Coat Colours: Any colour is acceptable (Red, fawn, white, black, blue or brindle (any shade) with or without white), except black & tan or liver which is undesirable

Maintenance of Coat: Just a regular brush or bath with baby shampoo

Food: High quality dog food & meat

Exercise: The Stafford is an athletic dog breed with plenty of energy, so routine exercise is very important (15 - 30 minutes daily). However, be cautious not to overdo it in warmer weather, as the breed is sensitive to heat. Staffords will especially benefit from dog sports that challenge them mentally and physically. Regardless of the type of exercise you give your Stafford, be sure it is provided with water about twice daily or more.

Town or Country Dog? Both providing it gets exercise

Can they adapt to Town house or Flat? Yes

Could they Live Outdoors? They won't bond with you well if they had to stay outside all the time and most likely get-up to mischief

Heredity Abnormalities: HD, L2-HGA, Hereditary Cataracts, PHPV

Special Considerations: Staffords thrive on attention, but also needs routine and discipline

Personality: Peaceful – very affectionate

 

DO’S and DONT’S / Advice

•  NO BONES
(except raw chicken necks (cut into 2cm pieces, shin or leg of lamb)

•  Preferably low fat milk

•  Keep puppies on 4 x daily meals for first 3 months, then 3 x daily till 6 months, then 2 x daily till 1 year. Thereafter once daily. Increase quantity on demand, but never overfeed

•  Beware of swimming pools – majority of Staffords are POOR SWIMMERS!!!

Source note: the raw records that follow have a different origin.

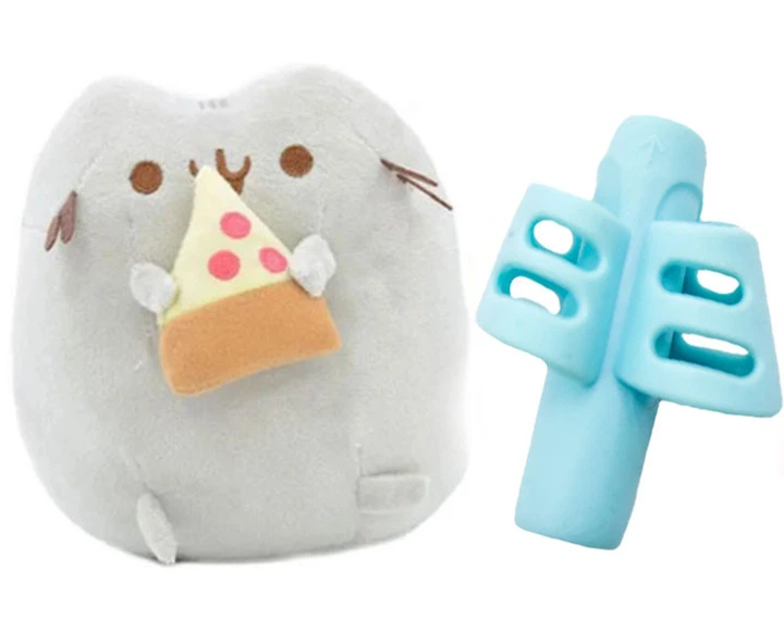 М'яка іграшка кіт з шматочком піци Пушини кет Сірий і насадка для правильного листи Блакитний (vol-1787)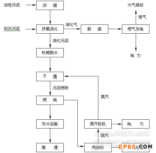 HERS法與SF法不同,一是前者污泥先經(jīng)過(guò)消化,消化氣和蒸汽發(fā)電相結(jié)合回收能量。后者不經(jīng)過(guò)污泥熱值降低的消化過(guò)程,直接將生成污泥蒸發(fā)干燥制成燃料;二是HERS法使用的污泥流動(dòng)媒體是輕質(zhì)溶劑油,黏度低,與含水率80%左右的污泥很難均勻混合,蒸發(fā)效率低,而SF法采用的是重油,與脫水污泥混合均勻。三是HERS法輕溶劑油回收率接近100%,而SF法重油回收率較低,流動(dòng)介質(zhì)要不斷補(bǔ)充。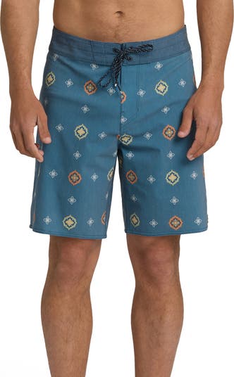 Stretchy, durable fabric made in part with recycled fibers keeps you riding high in board shorts designed with a secure back pocket for sun-and-sand essentials. They sit at the hips and hit just above the knees to protect your thighs in the water and give you total surfer cred on land.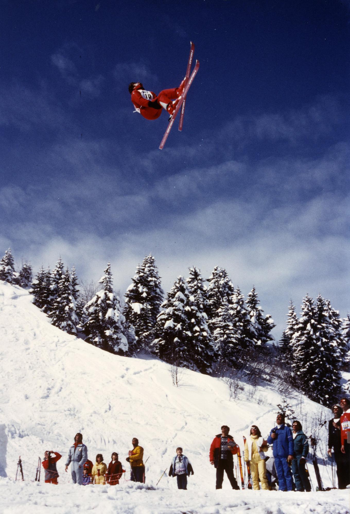 Un skieur vêtu d’une combinaison rouge et d’un dossard (n°10 ?) effectue un saut périlleux arrière groupé sur un tremplin de ski acrobatique. Il porte des skis de la marque « Head »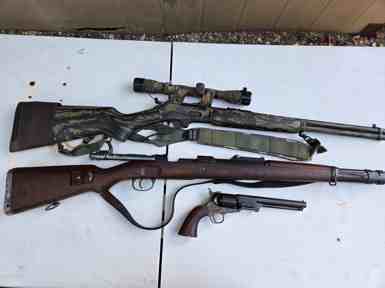 Marlin M30AS .30-30 Win lever-action Rifle, full-camo w/scope, strap $600. • 1944 Mauser M98 7x57mm Rifle, all original $350. • .36 Navy Revolver (black powder replica) $75. (in Kirbyville) (cell) 972.741-9434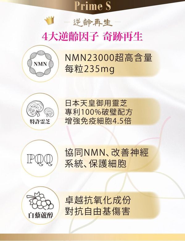 Prime S NMN 23000+ 4合1 天皇靈芝 + PQQ + 添加白藜蘆醇 日本製 抗老逆齡 提升 NAD+諾加因子 凍齡美肌 抗衰老
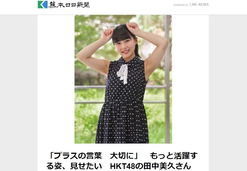 【田中美久】「プラスの言葉 大切に」 もっと活躍する姿、見せたい HKT48の田中美久さん(熊日新聞)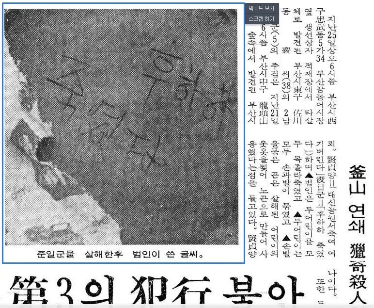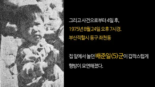 김현정 양 사건 발생 나흘 뒤인 8월 24일, 동구 좌천동에서 또 한 명의 아이가 실종됩니다. 5살 배준일 군은 집 앞에서 놀다 실종되었고, 다음 날 오전 6시, 충무동 부산공동어시장 근처에서 시신으로 발견됩니다. 손발이 결박된 채 생선상자 속에 숨겨져 있었으며, 배에도 사인펜으로 ‘후하하 죽였다’는 섬뜩한 낙서가 적혀 있었습니다.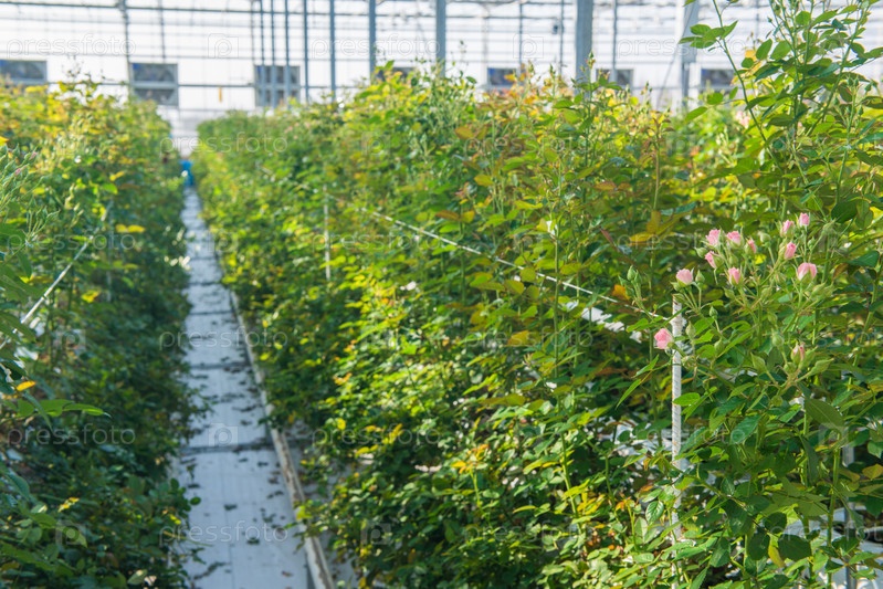 Оранжерея с розовыми цветами
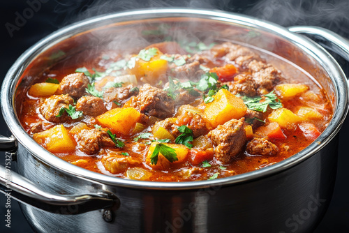 A rich stew filled with tender chunks of meat, colorful vegetables, and herbs, gently bubbling in a metal pot on the stove
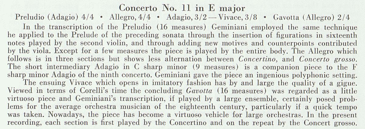 Arcangelo Corelli, transcription de Francesco Geminiani, Concerto grosso en mi majeur No 11, Op. 5, Renato Biffoli, Giuseppe Magnani, violon, Nereo Gasperini, violoncelle, Bruno Canino, clavecin, Gli Accademici di Milano, Dean Eckertsen, VOX VBX 38 (1. Preludio (Adagio) 02:16, 2. Allegro 02:51, 3. Adagio 00:43, 4. Vivace 01:56, 5. Gavotta (Allegro) 00:40)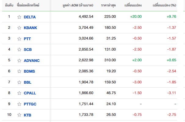 10 อันดับหลักทรัพย์ที่มีมูลค่าการซื้อขายสูงสุด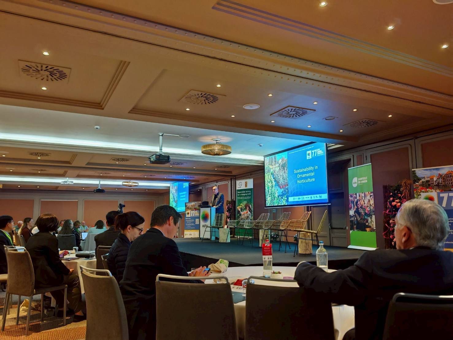 วันที่ 16-17 กันยายน 2568 นายรพีภัทร์ จันทรศรีวงศ์ อธิบดีกรมวิชาการเกษตร มอบหมายให้ นายเสกสรรค์ วรรณกรี สำนักวิจัยและพัฒนาการเกษตรเขตที่ 3 พร้อมด้วยนางสาวกาญจนา ทองนะ ผู้อำนวยการสถาบันวิจัยพืชสวน และคณะผู้แทนกรมวิชาการเกษตรเข้าร่วมประชุม : AIPH International Horticultural Industry Conference ซึ่งเป็นส่วนหนึ่งของการประชุม 77th AIPH Annual Congress ของสมาคมพืชสวนระหว่างประเทศ (AIPH) โดยเข้าร่วมฟังการบรรยายในหัวข้อต่างๆ จากผู้เชี่ยวชาญ เกี่ยวกับงานด้านอุตสาหกรรมพืชสวน เช่น Sustainability in Ornamental Horticulture by Global G.A.P. , A Global Sustainability Perspective พร้อมทั้งเยี่ยมชมบริษัท Anjers De Nijs ซึ่งผลิตดอกคาร์เนชั่นเพื่อส่งออกด้วยระบบโรงเรือนอัจฉริยะ ศูนย์วิจัย Viaverda ที่มีการวิจัยและพัฒนาด้านพืชสวนเน้นไม้ดอกไม้ประดับ ในระบบโรงเรือนและนอกโรงเรือน เทคโนโลยีการผลิตที่เป็นมิตรกับสิ่งแวดล้อมและเน้นความยั่งยืน รวมทั้งสายพันธุ์ที่หลากหลาย และบริษัท Fleur ซึ่งเป็นบริษัทเพาะปลูกไม้ดอกไม้ประดับแบบครบวงจร วางขายแบบออนไลน์และขายส่งเพื่อการจัดภูมิทัศน์ ณ เมืองเกนต์ ราชอาณาจักรเบลเยียม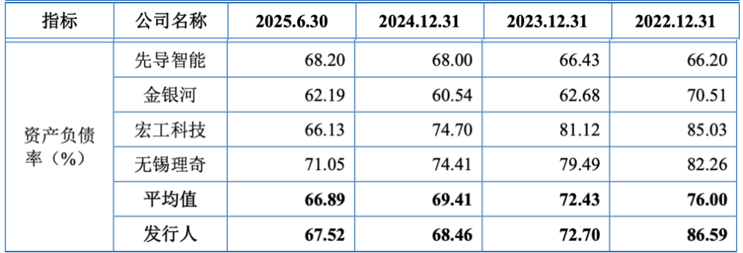 报告期内除2024年外,其余年份的资产负债率均高于同行业可比公司的平均值。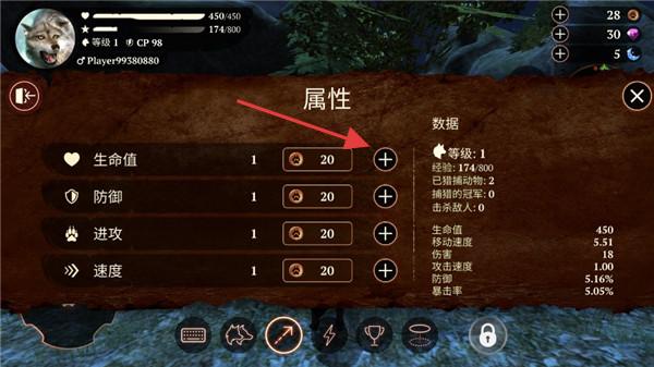 2、角色成长路线:通过战斗和捕猎提升属性,解锁特殊技能,培养独一无二的狼王。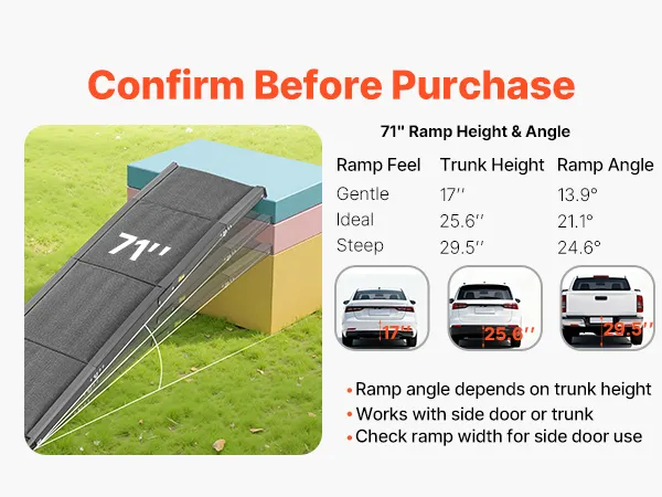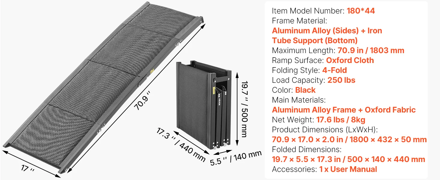 • Extended, Gentle Slope: Extending to 71 in /180 cm long and 17 in /43 cm wide, the folding dog ramp offers a gentler angle with vehicles, reducing strain on your pet’s muscles and joints while jumping

•  Be careful of loose or hanging electric wiring – puppies will chew or want to play with it

•  Keep the dogs’ nails short - when you can hear them walk on a hard surface - it’s an indication of the nails being too long

•  A LOT OF LOVE AND DISCIPLINE AT ALL TIMES. Staffords like children thrive on a routine

•  No collar is best, specially when a dog is unsupervised – it can strangle itself

•  De-worm at least 3 monthly – consult your vet

•  Inoculations should be done promptly when they are due

•  TEACH YOUR DOG TO WALK ON A LEASH – the sooner the easier!

•  See that your dog is identifiable with a micro-chip and/or collar tag that shows your telephone number and address

•  If you are new to the breed, NEVER KEEP TWO DOGS OR TWO BITCHES TOGETHER – they will challenge each other and end up fighting (to the death

•  Never use a choke chain on a puppy. It should be trained with patience and rewards

•  If you want to show your dog, don’t teach it to ‘sit’ - rather teach it to ‘stand’ for a reward. Once a dog was taught to sit it very hard to teach them ‘not to sit’. You can also teach him to let you open his mouth gently to look at his teeth so that he/she can get use to being examined by a judge

•  See that your puppy has toys to keep him busy – otherwise he’ll find other things to do

•  Staffords are known not to show when they are sick - if your Stafford seem lifeless and specially not keen to eat - it's all-ready VERY SICK! Get it to a vet ASAP!